2 coaxial switches will work, and you could leave power on. Given that I know 
what I am capable of and this type of system would lead to muliple failures by 
me as I failed to remember to switch things. If it was me I would just move the 
coax connectors as I swapped radios. I have done something like this in the 
past and got irritated and tossed the whole thing is favor of a wide band type 
of amp, which also has its issues of tuning and retuning

--- On Wed, 2/24/10, Lee Pennington <localjunkpedd...@gmail.com> wrote:


From: Lee Pennington <localjunkpedd...@gmail.com>
Subject: Re: [Repeater-Builder] dual band convertacom
To: Repeater-Builder@yahoogroups.com
Date: Wednesday, February 24, 2010, 9:07 AM












Not why............................ but WHY !!

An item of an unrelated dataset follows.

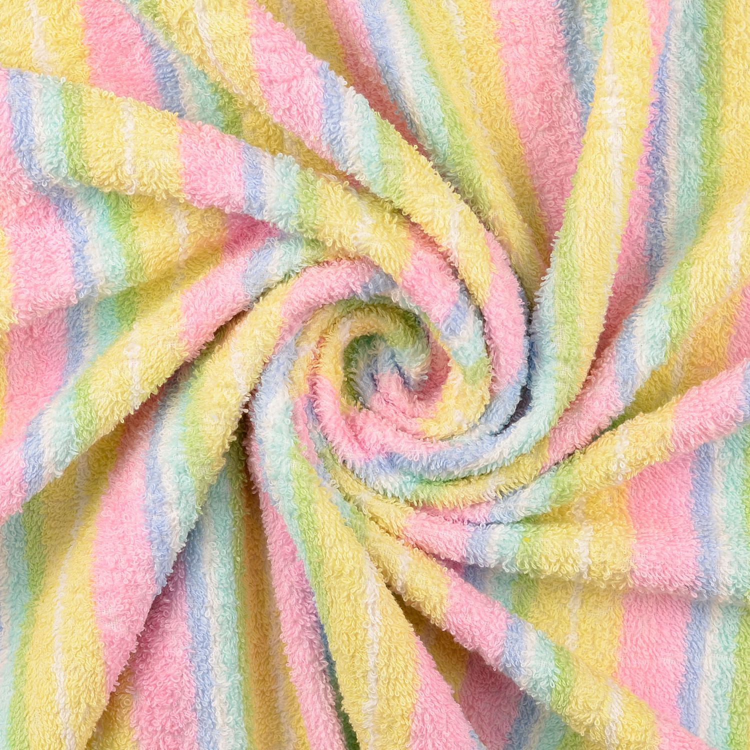 Des tons pastel doux rencontrent une éponge toute douce : ce mélange de rayures teint en fils séduit par des couleurs harmonieusement assorties. De délicates nuances de rose, menthe et bleu clair alternent avec un vanille chaud et un gris discret, créant un motif rayé joyeux mais apaisant.

On Wed, Feb 24, 2010 at 11:56 AM, hitekgearhead <hitekgearh...@hotmail.com> 
wrote:


  



I know I am going to get the singular answer of "WHY" but I really would like 
some technical input on this.

In my car I have an old Genesis series convertacom connected to a dual band 
Comet antenna. I often will swap my VHF and UHF HT back and forth and utilize 
the dual band capability of my antenna. It works pretty well.

What I would like to get some input on however, is how to run some power with 
this setup.

Of course the easiest would be to get a amateur dual band amplifier, but I 
already have a VHF and a UHF (N1275A and N1274A) amplifier.

What I would like to do is parallel these two amps with some kind of 
switching/duplexer setup so that I could easily switch from VHF to UHF.

My initial idea was to run an antenna switch from the convertacom to the amps 
so I can manually select which one the signal goes to. Then on the output side 
of the amps I thought about using an antenna duplexer on the output of the amps 
to feed the antenna. I was also thinking of running a switch to alternately 
select which amp was receiving DC power, but I don't know if that would be 
necessary. (Could I leave both amps powered on in this situation?)

So, does this sound about right or am I going off the deep end?

Thanks
Albert





-- 
"Always drink upstream from the herd."